Лапшинов с нарочитым негодованием успокаивал:
— Что ты, Никита! Христос с тобой! Да разве же я креста на гайтане не ношу? А спаситель как научал: «Пожалей ближнего, как самого себя». И думать не моги, не скажу! Режь — кровь не текет. У меня так… Только и ты уж подсоби, ежели что… На собрании там, может, кто против меня или от власти приступ будет… Ты оборони, на случай… Рука руку моет. А поднявший меч от меча да и гинет. Так ить? Ишо хотел я тебя просить, чтоб подсобил вспахать мне. Сына мне бог дал умом тронутого, он не пособник, человека нанимать — дорого…
Из года в год «подсоблял» Лапшинову Никита Хопров; задаром пахал, волочил, совал лапшиновской молотилке лапшиновскую пшеницу, стоя зубарем.[25]А потом приходил домой, садился за стол, хоронил в чугунных ладонях свое широкое рыжеусое лицо, думал: «До коих же пор так? Убью!»
Островнов Яков Лукич не одолевал просьбами, не грозился, знал, что если попросит когда, то и в большом, не только в бутылке водки, не посмеет отказать Хопров. А водку пивал Яков Лукич у него-таки частенько, неизменно благодарил: «Спасибо за угощение».
«Захленись ты ею!» — думал Хопров, с ненавистью сжимая под столом полупудовые гири-кулаки.
Половцев все еще жил у Якова Лукича в маленькой горенке, где раньше помещалась старуха Островниха.
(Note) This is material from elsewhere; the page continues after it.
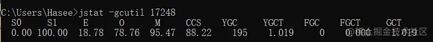 查询结果表明:这台服务器的新生代Eden区(E,表示Eden)使用了18.78%的空间,2个Survivor区 (S0、S1,表示Survivor0、Survivor1)分别使用了0%和100%,老年代(O,表示Old)和元数据区(M,表示 Meta)则分别使用了78.76%和95.47%的空间。程序运行以来共发生Minor GC(YGC,表示Young GC)195次,总耗时1.019秒;发生Full GC(FGC,表示Full GC)0次,总耗时(FGCT,表示Full GC Time)为0秒;所有GC总耗时(GCT,表示GC Time)为1.019秒。
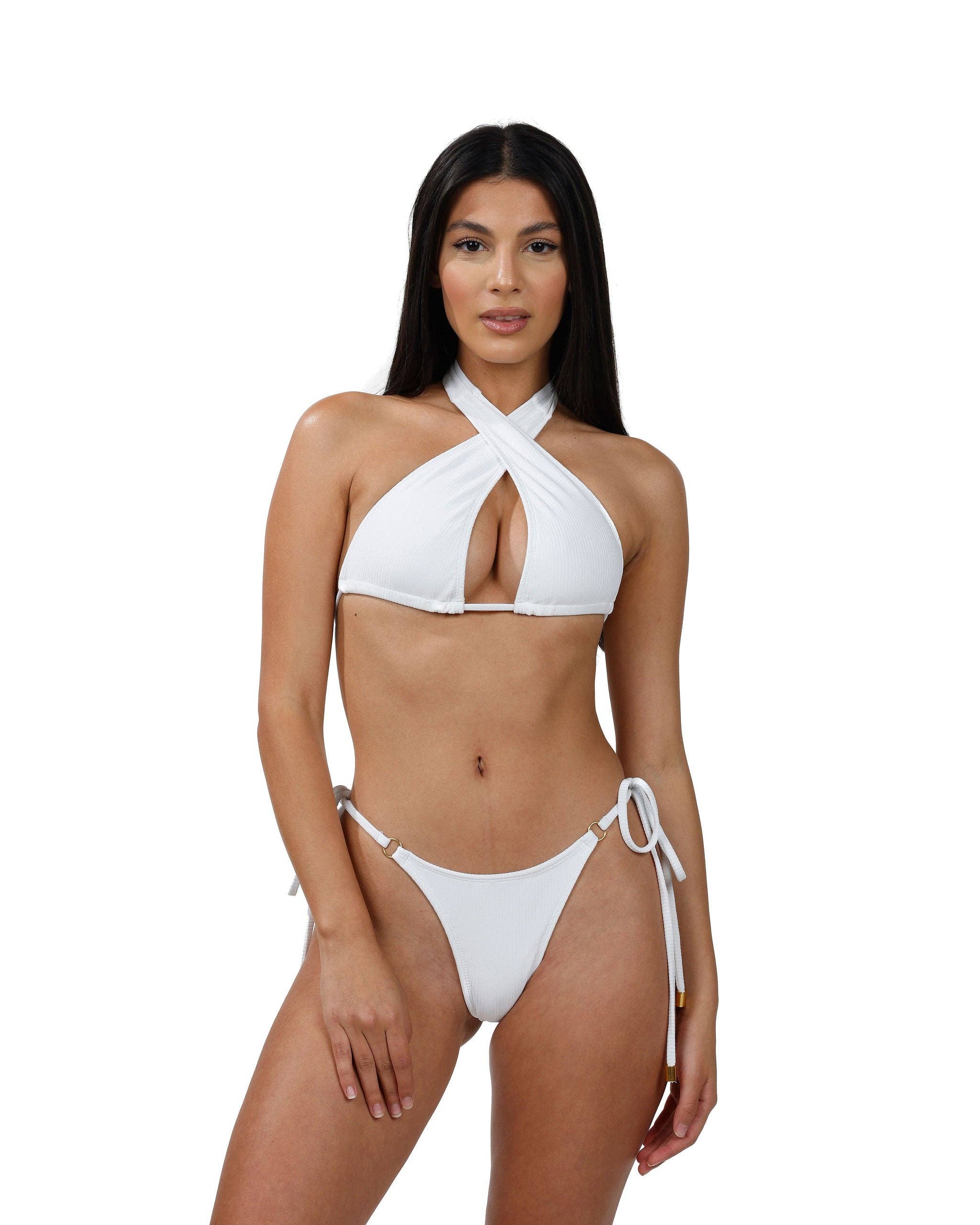 De Chicas die het krijgen, snappen het. Ons Boca Chica bikinibroekje is een no-brainer in elke zwemgarderobe. Ze biedt een brutaalere dekking en is bedoeld om boven of onder de heupen te worden gedragen voor een volledig flatterend effect - jij beslist. Gemaakt van onze luxe geribbelde stof. KENMERKEN: * Hoog uitgesneden been * Details met ruches * Brutale dekking MODEL MAAT & PASVORM Victoria draagt maat Small Hoogte: 5' 7" Buste: 32" Taille 24" Heupen: 36" MATERIALEN EN VERZORGING Gemaakt in Miami, FL 85% nylon/ 15% spandex Handwas, alleen ophangen

Она перешла на печку, а Половцев в ее горенке курил почти напролет, лежа на куцей лежанке, упирая босые жилистые ноги в горячий камень. Ночью он часто ходил по спящему дому (ни одна дверь не скрипнет, заботливо смазанная в петлях гусиным жиром). Иногда, накинув полушубок, затушив цыгарку, шел проведать коня, спрятанного в мякиннике. Застоявшийся конь встречал его дрожащим приглушенным ржанием, словно знал, что не время выражать свои чувства полным голосом. Хозяин охаживал его руками, щупал суставы ног своими негнущимися, железными пальцами. Как-то раз, в особо темную ночь вывел его из мякинника и охлюпкой поскакал в степь. Вернулся перед светом. Конь был мокр, словно вымыт по́том, часто носил боками, сотрясался тяжелой нечастой дрожью. Якову Лукичу Половцев утром сказал:
— Был в своей станице. Ищут меня там… Казаки готовы и ждут только приказа.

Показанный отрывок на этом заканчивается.